DESCRIPTION OF THE TASK
Using the records below, output the stretch that opens with the line containing "Une fois le" and closes with the line containing "Подарочный ящик из", exactly and including both lines, with nothing more.

SUPPLIED MATERIAL
########################################
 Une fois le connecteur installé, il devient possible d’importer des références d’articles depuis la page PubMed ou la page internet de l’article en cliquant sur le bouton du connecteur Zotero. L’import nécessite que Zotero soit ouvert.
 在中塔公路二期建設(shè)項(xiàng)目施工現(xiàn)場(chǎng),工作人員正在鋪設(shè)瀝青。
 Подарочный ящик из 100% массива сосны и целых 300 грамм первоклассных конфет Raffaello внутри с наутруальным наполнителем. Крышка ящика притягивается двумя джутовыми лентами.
########################################
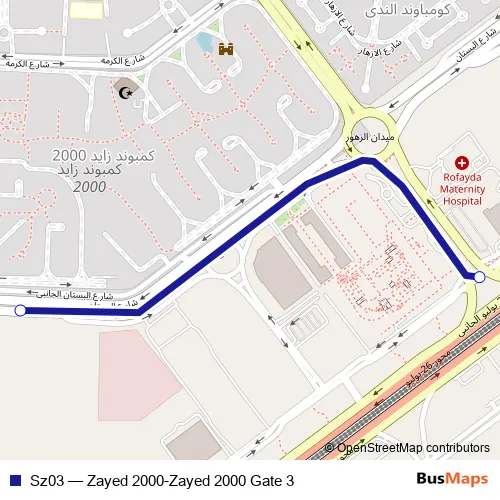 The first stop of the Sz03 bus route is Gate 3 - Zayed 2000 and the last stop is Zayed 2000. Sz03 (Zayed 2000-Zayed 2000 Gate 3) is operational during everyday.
########################################
WRITTEN ANSWER
 Une fois le connecteur installé, il devient possible d’importer des références d’articles depuis la page PubMed ou la page internet de l’article en cliquant sur le bouton du connecteur Zotero. L’import nécessite que Zotero soit ouvert.
 在中塔公路二期建設(shè)項(xiàng)目施工現(xiàn)場(chǎng),工作人員正在鋪設(shè)瀝青。
 Подарочный ящик из 100% массива сосны и целых 300 грамм первоклассных конфет Raffaello внутри с наутруальным наполнителем. Крышка ящика притягивается двумя джутовыми лентами.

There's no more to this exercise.